それとも葵かもしれない。最近は月に一度来るようになった。先月は「弁護士と相談してみる」と言っていた。
あるいは五郎のおじさんかもしれない。来るたびに泣いて、差し入れに好物の弁当を持ってくる。規則で受け取れないのに、毎回持ってくる。
透は扉を開けた。
廊下に春の光が差し込んでいた。
小さな少年が、背筋を伸ばして歩いていく。
灰色の服。丸メガネ。
その目だけが、遠くを、真っすぐに見ていた。
湯煙は今日も白く、空へ消えていく。
すべてを知るつもりだった少年が、まだ知らないものと向き合いながら、静かに廊下を歩いていった。
完璧だと思っていた。
しかし人間は、完璧ではなかった。
それが、この物語の終わりであり、始まりだった。
〔完〕
登場人物
江森 透――主人公。小学一年生ほどの外見を持つ少年。
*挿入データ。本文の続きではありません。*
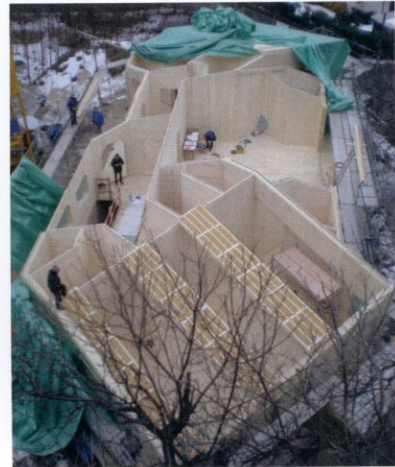
Vormvaste prefab panelen worden op de bouwplaats in korte tijd in elkaar gezet

Omdat het hout niet wordt bewerkt, is het na afloop van de levensduur zowel biologisch als technisch recyclebaar. Zo heeft bijvoorbeeld het Oostenrijkse Holz100 een gouden cradle to cradle certificering. Naast Holz100 is sinds kort ook Nur-Holz in Nederland verkrijgbaar, beide systemen worden geïmporteerd door

しかし実際は十七歳の高校生探偵・神崎 凌が、ある事件で飲まされた薬により幼児化した姿。鋭い観察眼と論理的思考力を持つ。
毛家 五郎――元刑事の私立探偵。大柄で豪快、酒好き。透の保護者代わりとなっている。推理は実は透がほぼすべてやっている。
毛家 蘭――五郎の娘。十七歳。透を弟のようにかわいがっている。
松岡 警部――警視庁捜査一課のベテラン刑事。鋭い観察眼を持つ。
黒沢 義隆――不動産会社「黒沢興産」代表取締役。五十八歳。傲慢で強欲な男。
遠野 誠――十五年前に黒沢に陥れられた、かつての経理部長。故人。
遠野 葵――誠の娘。二十二歳。工場で働いている。
高田――少年院の担当指導員。寡黙だが誠実な男。